日本企業の多くは、一般社員の人事考課について、成果とプロセスを1:1で評価している。詳細は表にある通りだが、プロセスを評価するために、管理職は日常的に取り組み姿勢や態度を見ておかなければならないのである。
出所:リクルートワークス研究所「人材マネジメント調査2017」
*東証一部上場企業を対象とした調査
このルールはリモートワークとは相性が悪い。リモートワークを本格化させるならば、人事考課のルールを変えた方が無難である。
一番簡単な方法は、成果だけで評価するように変えるということだろう。
しかしそうなるとまさしく成果主義であり、1990年代後半から導入してうまくいかなかったという記憶が蘇ってくることになる。
もう一歩先へ進めるならば、人事考課による報酬の上下を低めに抑える。さらには期間評価そのものをやめてしまう(いわゆるNo Rating)ということになるだろう。
スペシャリスト系職種であれば職務等級で、プロフェッショナル系職種であれば役割等級制度で、基本給を決め、中期的にはこの等級の上下に成果や貢献による評価を反映させるという方法である。
プロセスを評価するということは、一般社員からすると「頑張っているところをみせなければいけない」という意識が働き、長労働時間を誘引してしまう。管理職からすると、常に部下をみていなければならないという意識が働き、1年中人事考課をやっているような状態になる。
これらの課題はリモートワーク以前からあったものだが、この機に見直すべきなのかもしれない。
リモートワークの是非を分けるのは生産性の評価
そしてそれは2つの人事思想で決まる
労働時間管理や評価・報酬制度の根底には、人事思想の本質がある。
それは
1、 社員を自律したプロフェッショナルとして育てる
2、社員を信頼する
という2つである。
もしもこの2つが根付いている組織であれば、もはや労働時間管理や人事評価に多くの時間を費やす必要はなく、リモートワークは生産性の向上に寄与するはずなのだと思う。
労働時間は自己申告で良い。社員を信頼しているならば、さぼるのではないかと心配する必要はないし、さぼってもいいと割り切れる。働き過ぎて健康を害することがないように、支援のしくみを整えておくだけでいい。
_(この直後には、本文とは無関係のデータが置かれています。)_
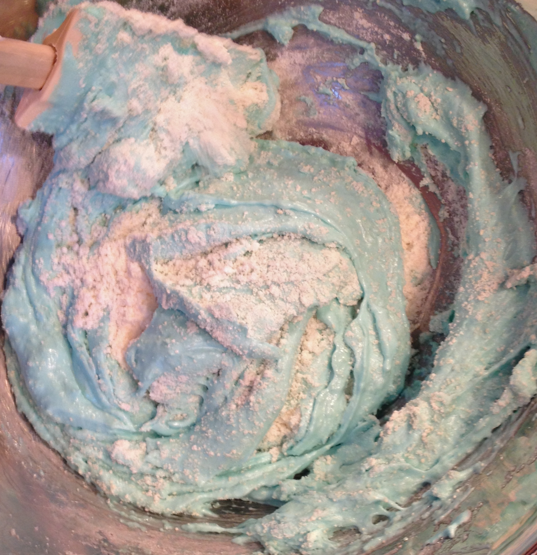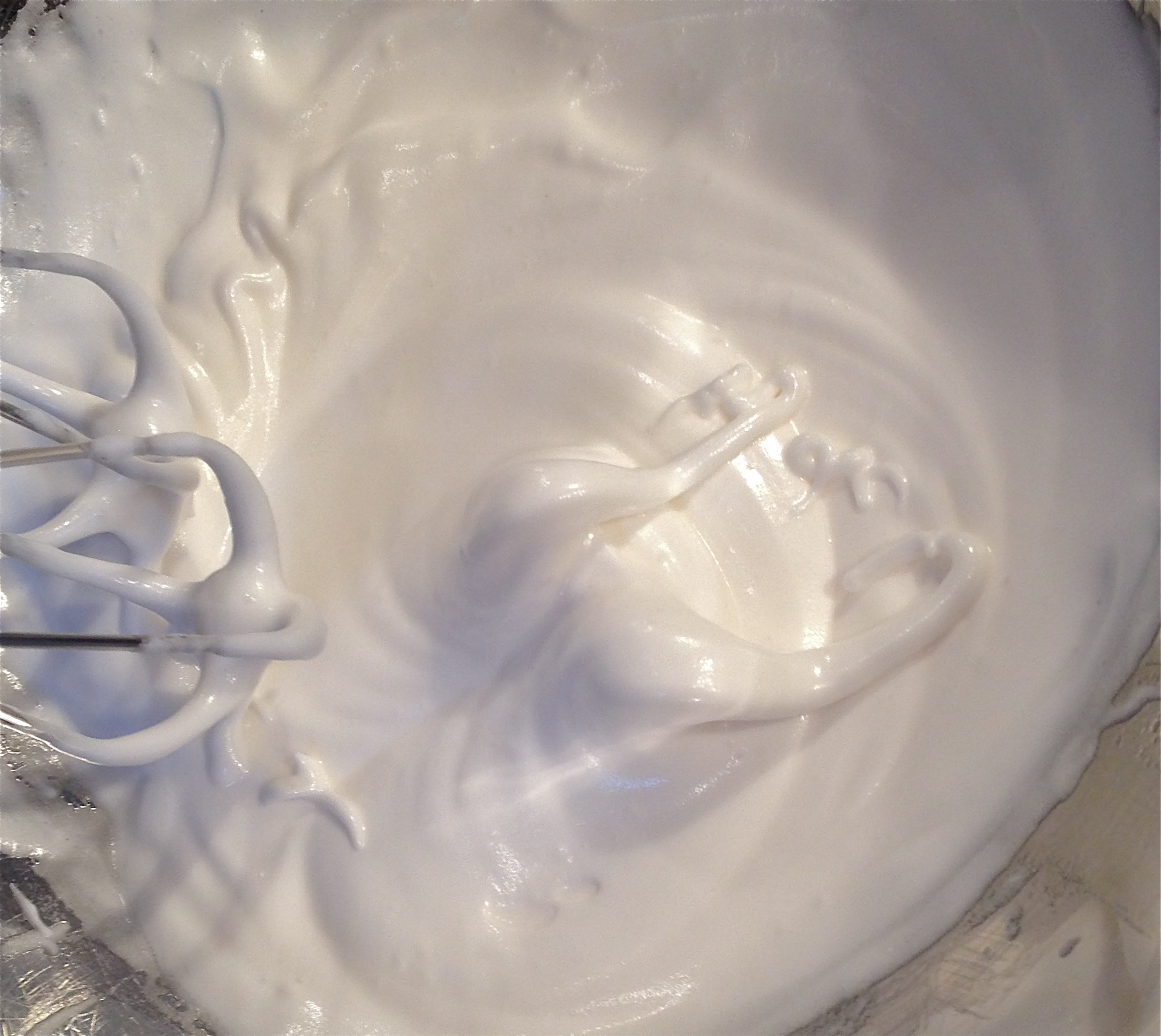 With a rubber spatula, fold one third of the almond/sugar mixture into the whipped egg whites. Once mixed, and the second third. When that is mixed, add the final third. The mixture should be glossy.

人事評価はいらない。そもそも評価は顧客や社会からもらうものである。評価はモチベートの重要な機会だと思うかもしれないが、プロであれば、信念や利他性をエネルギーとしてセルフ・モチベートするので、形式的なモチベートのしくみはいらない。
そこまで突き抜けてしまえば、コロナ禍というきっかけによって、人が活き活きと活躍する企業へと変身できるに違いない。
リモートワークに対する評価は賛否両論だと冒頭に述べた。これから多くの企業が新しい日常についての方針を発表するだろう。「リモートワークでは生産性が上がらなかった」という短絡的な結論に留まるのではなく、その先まで進化させていきたいと思う。